In the records that follow, find the line with "Beim Gipfelkreuz mit"; from there, retype every line exactly through the line with "Слайд 16Этнический терроризм", which also belongs to the answer.

Data excerpts
----
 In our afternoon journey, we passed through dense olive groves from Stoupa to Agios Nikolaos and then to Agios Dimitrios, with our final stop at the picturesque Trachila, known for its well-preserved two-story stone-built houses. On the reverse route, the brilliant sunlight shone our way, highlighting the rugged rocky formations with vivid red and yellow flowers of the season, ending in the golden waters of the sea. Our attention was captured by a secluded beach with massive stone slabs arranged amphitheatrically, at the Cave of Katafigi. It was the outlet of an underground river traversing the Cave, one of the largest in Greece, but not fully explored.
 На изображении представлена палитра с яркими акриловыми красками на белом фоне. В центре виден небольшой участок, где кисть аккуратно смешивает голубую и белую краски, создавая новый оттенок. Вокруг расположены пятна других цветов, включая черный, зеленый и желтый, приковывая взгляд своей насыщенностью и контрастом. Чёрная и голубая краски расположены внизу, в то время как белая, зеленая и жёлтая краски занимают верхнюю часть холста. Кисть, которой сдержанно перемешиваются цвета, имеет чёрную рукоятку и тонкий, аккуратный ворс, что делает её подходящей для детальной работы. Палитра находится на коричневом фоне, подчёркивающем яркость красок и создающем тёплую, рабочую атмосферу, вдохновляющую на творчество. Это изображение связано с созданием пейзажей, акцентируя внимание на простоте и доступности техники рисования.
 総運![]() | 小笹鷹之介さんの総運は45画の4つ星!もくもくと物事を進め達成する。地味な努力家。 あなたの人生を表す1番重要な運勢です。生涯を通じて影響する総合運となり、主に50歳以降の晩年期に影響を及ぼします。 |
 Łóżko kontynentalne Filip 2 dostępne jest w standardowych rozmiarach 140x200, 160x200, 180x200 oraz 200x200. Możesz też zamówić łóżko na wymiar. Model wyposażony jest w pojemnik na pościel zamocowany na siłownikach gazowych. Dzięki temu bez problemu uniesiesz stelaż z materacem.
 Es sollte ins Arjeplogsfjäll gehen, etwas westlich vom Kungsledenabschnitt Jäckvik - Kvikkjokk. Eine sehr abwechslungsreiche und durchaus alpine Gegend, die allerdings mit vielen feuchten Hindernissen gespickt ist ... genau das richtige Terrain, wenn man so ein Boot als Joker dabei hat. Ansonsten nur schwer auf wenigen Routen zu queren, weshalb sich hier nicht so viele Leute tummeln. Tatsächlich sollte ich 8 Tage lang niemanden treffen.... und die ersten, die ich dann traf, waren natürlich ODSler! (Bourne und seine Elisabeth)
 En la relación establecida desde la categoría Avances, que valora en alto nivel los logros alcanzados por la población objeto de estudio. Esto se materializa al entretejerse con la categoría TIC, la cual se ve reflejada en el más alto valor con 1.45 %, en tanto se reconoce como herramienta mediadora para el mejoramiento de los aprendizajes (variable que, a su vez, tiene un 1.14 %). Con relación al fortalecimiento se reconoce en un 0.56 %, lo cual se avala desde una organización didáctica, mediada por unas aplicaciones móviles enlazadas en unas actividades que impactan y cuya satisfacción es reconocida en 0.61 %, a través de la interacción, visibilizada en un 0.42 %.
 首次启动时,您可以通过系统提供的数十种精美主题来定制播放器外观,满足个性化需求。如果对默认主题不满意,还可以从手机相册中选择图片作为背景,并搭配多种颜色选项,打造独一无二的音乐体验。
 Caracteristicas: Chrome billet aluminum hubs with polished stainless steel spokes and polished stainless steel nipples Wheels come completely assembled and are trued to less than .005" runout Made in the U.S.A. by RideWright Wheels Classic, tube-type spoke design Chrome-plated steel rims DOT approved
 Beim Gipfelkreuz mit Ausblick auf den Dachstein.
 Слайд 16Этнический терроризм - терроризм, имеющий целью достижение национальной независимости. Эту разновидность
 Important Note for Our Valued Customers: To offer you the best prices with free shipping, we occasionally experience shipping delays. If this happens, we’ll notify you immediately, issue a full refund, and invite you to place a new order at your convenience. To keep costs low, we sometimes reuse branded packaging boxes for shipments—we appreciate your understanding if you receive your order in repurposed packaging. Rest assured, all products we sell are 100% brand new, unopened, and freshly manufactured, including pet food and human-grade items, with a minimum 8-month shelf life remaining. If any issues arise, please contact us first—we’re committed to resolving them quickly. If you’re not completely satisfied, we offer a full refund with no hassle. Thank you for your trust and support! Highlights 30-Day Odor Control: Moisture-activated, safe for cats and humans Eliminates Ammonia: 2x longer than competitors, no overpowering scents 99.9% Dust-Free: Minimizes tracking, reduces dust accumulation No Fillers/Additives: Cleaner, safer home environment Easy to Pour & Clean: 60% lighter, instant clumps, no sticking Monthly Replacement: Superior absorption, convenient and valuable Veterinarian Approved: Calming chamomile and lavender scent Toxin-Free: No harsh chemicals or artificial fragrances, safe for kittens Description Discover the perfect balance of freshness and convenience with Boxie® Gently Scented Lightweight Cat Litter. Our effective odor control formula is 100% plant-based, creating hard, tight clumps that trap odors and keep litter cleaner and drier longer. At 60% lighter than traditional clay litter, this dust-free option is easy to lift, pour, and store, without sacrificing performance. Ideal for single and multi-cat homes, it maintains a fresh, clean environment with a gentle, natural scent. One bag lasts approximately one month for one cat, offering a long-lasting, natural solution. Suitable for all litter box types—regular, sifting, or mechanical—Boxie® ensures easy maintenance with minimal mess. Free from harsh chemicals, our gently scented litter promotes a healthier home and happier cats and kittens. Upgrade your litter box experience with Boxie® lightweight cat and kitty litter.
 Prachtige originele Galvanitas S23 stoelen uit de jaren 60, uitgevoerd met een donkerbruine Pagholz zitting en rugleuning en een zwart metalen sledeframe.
----
● **Answer for the task**
 Beim Gipfelkreuz mit Ausblick auf den Dachstein.
 Слайд 16Этнический терроризм - терроризм, имеющий целью достижение национальной независимости. Эту разновидность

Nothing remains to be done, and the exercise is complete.